### WHAT YOU WILL DO
Begin at the line containing "在全球化的背景下,北仲積極發" in the data below and go on through the line containing "벌룬 와이드 핏에 커브 절개 디테일로", repeating each line exactly; include both ends and no other line.

### DATA EXTRACT
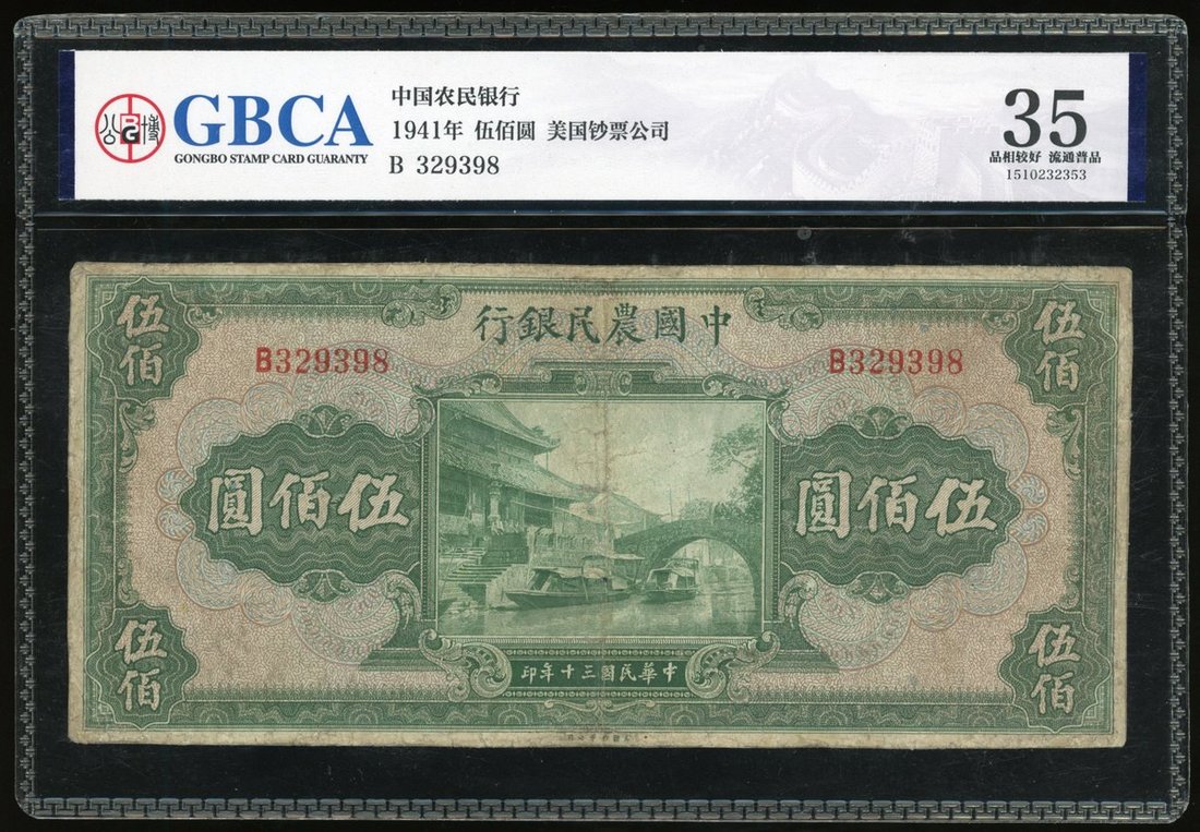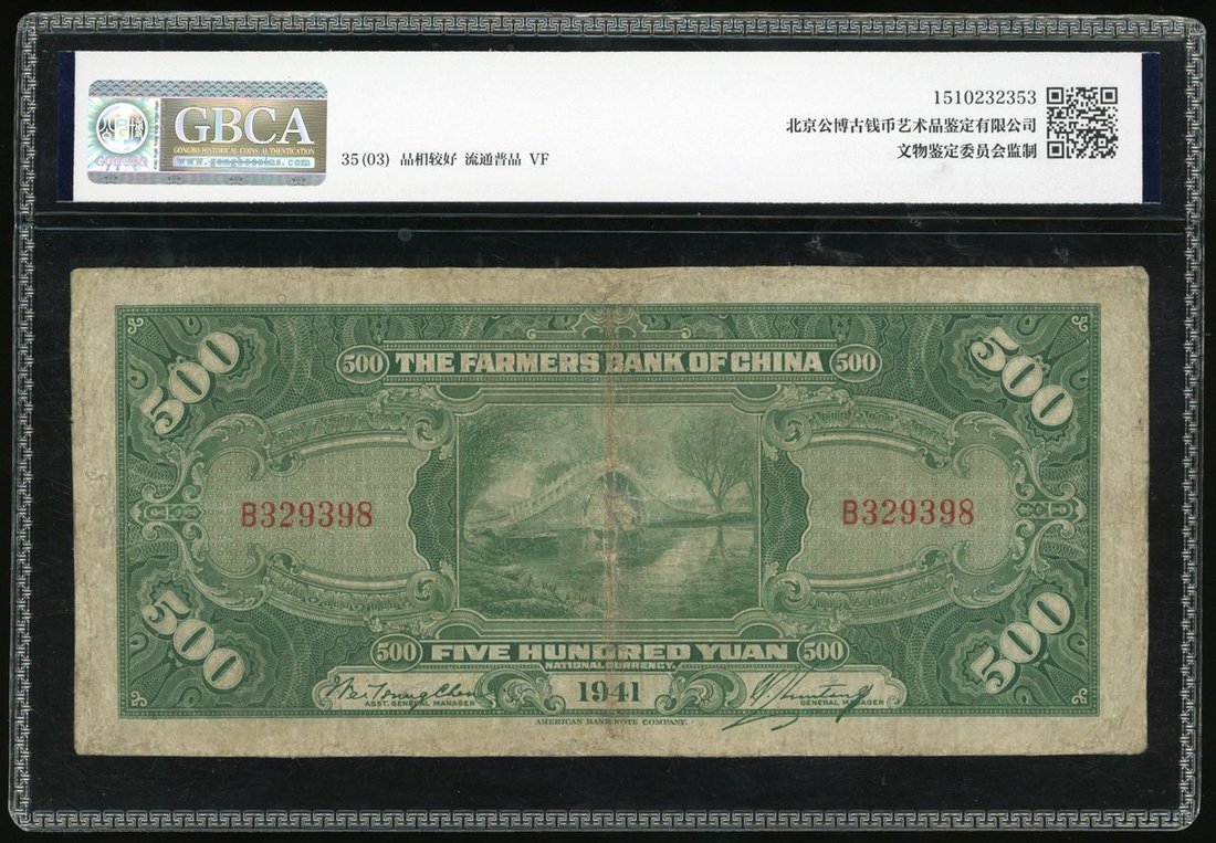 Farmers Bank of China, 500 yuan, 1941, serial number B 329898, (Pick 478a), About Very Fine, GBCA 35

==

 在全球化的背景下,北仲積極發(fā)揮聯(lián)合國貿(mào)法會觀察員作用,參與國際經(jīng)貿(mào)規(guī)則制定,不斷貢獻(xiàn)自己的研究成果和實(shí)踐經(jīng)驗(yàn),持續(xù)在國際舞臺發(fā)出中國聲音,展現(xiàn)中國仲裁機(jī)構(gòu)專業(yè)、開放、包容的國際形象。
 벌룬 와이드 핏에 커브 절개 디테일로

### YOUR SOLUTION
 在全球化的背景下,北仲積極發(fā)揮聯(lián)合國貿(mào)法會觀察員作用,參與國際經(jīng)貿(mào)規(guī)則制定,不斷貢獻(xiàn)自己的研究成果和實(shí)踐經(jīng)驗(yàn),持續(xù)在國際舞臺發(fā)出中國聲音,展現(xiàn)中國仲裁機(jī)構(gòu)專業(yè)、開放、包容的國際形象。
 벌룬 와이드 핏에 커브 절개 디테일로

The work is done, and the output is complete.